Officer Tells Story of Booking Bouey
By 250 News
Monday, November 02, 2009 05:30 PM
Prince George , B.C.- An RCMP Officer broke out in tears today as she testified before a Coroner’s jury into the death of 42 year old Cheryl Anne Bouey in police cells on June 26th, 2008.
The Inquest being conducted before Coroner Rodrick MacKenzie was told by Constable Hornoi how she went into holding cell number 5 and attempted to take a pulse from the woman. She said “There was no pulse and I believe she had been dead for some time”.
Constable Hornoi testified that she had earlier frisked Bouey after she had been brought to the City RCMP detachment following a complaint from a neighbourhood pub in College Heights.

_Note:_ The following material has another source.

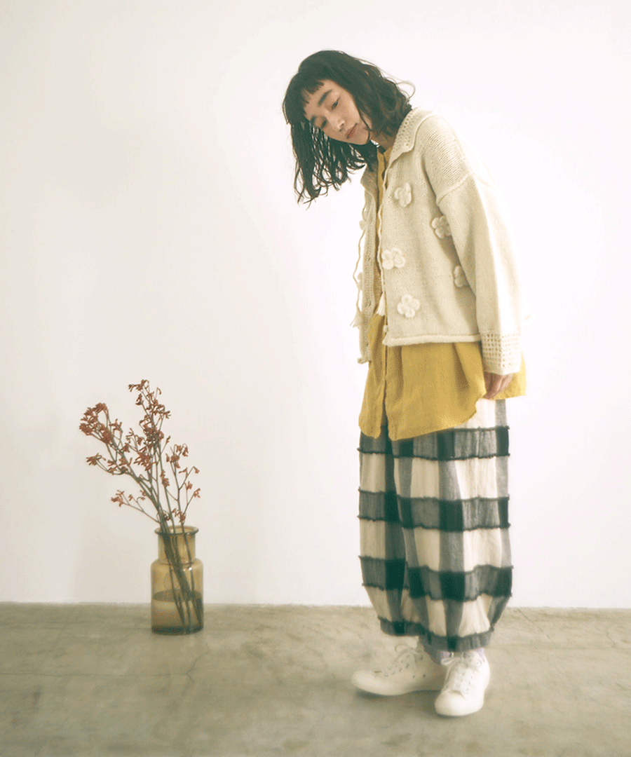 ブロックチェックカットジャガード バルーンパンツ

She removed Bouey’s jacket and a necklace before placing the woman in a holding cell. Constable Hornoi said she had to keep telling a man brought in with Bouey to sit down and be quiet, after it appeared the two were arguing.
It was in that cell that Bouey, who had removed her jogging pants and began swinging them at the cell bars, was able to take the small cord from inside the rubber waist band and fashion it into a noose which she then placed around her neck, then attached the cord to a bar in the cell, and then slumped down , cutting the circulation of blood to her brain.
Pathologist Dr Vernon Bowes testified earlier that five or six seconds with the blood not circulating to the brain would cause some to lose consciousness , and death would come with 25 to 30 seconds if no blood was circulating to the brain.
Hornoi told the inquest that Bouey was really drunk and really upset. It had been the police hope that when the pair sobered up they would be released from custody the following morning. “She was a mess” Constable Hornoi said, “but there was never any suggestion that she would harm herself”.
Speaking with tears in her eyes Constable Hornoi said, “Had I seen the cord, I would have taken it away.”
The Coroner’s inquest resumes on Tuesday.